Five caution flags slowed the feature.
The first two yellow periods came on lap 14, first for Dylan Yoder of Selinsgrove, Pa., slowing and then Brent Larson of Lake Elmo, Minn., spinning between turns one and two on the restart.
A critical caution period followed on lap 16 when Clanton slowed with a flat left-front tire that was cut in a turn-four scrape with Moran one circuit earlier as they battled for second place. Clanton slipped to fourth before pulling up lame to draw a caution; he pitted and returned to finish 12th.
Then, on lap 22, Sheppard’s blue No. 1 suddenly fell off the pace on the homestretch, engulfed in thick white smoke due to terminal engine trouble.
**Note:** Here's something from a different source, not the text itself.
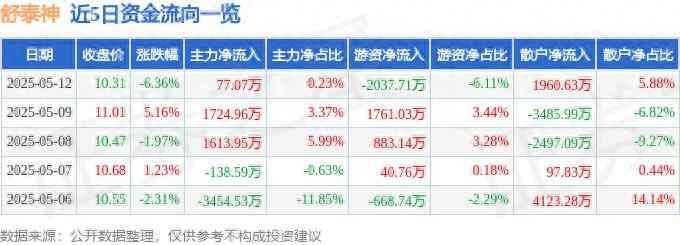 舒泰神(300204)5月12日主力资金净买入77.07万元
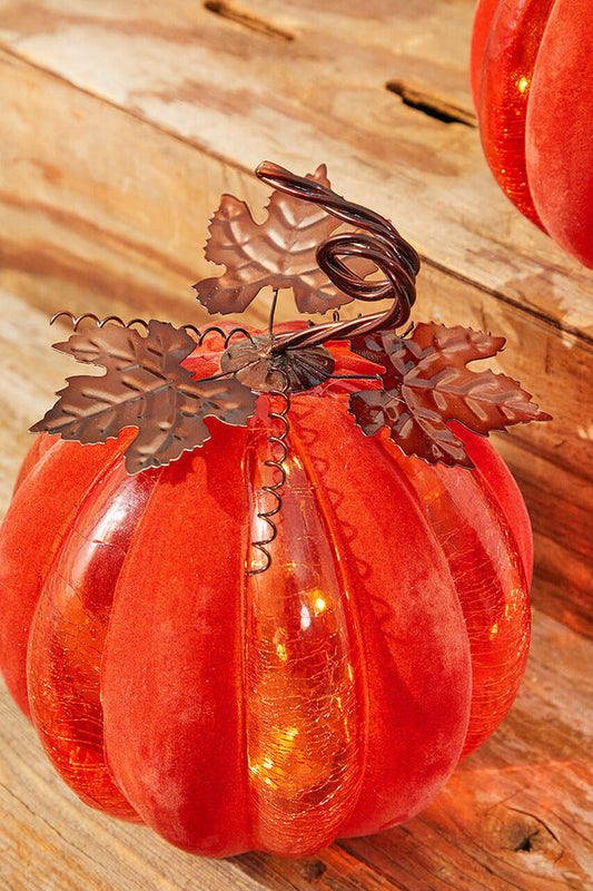 Decorator's Warehouse 12" Velvet & Glass Light Up Pumpkin - Orange

He slowed to bring out a caution flag and was pushed into the pit area as the 22nd-place finisher, dealing a potentially killer blow to his hopes of repeating as WoO champion as he fell 74 points behind Madden.
Erb triggered the final caution flag on lap 48 when he run from the 10th starting spot to fourth place was dive-bombed by a blown right-rear tire. He pitted and came back to finish 15th.
Notes: Madden registered his 22nd career win on the WoO circuit. … Coleby Frye felt fortunate to salvage a sixth-place finish after his Larry Baer-owned car sustained right-front suspension damage on lap 33 when he ran out of racing room off turn four while battling for fifth with Eckert and clipped the outside guardrail. … Jason Covert of York Haven, Pa., recovered from a flat right-front tire that knocked him from a transfer spot in his heat to win a B-main, but he retired early from the feature and was credited with a 21st-place finish. … Making his first career WoO A-main start, Randy Christine Jr. of Manchester, Pa., was the last driver on the lead lap in 16th place. … Matt Cosner of Ridgeley, W.Va., scratched from competition after his car was felled by a broken engine lifter during hot laps. … Justin Weaver of Williamsport, Md., had a rough debut in the Coleman No. 72, failing to qualify after breaking a water pump during hot laps and then blowing a tire in his heat race. … Cars throughout the pit area sported decals remembering central Pennsylvania 410 sprint car star Greg Hodnett, who was killed two days earlier in a crash at BAPS Motor Speedway in Newberrytown, Pa. The feature’s four-wide pace lap was also extended an additional circuit so the pole position could be left open in a missing man formation to honor Hodnett.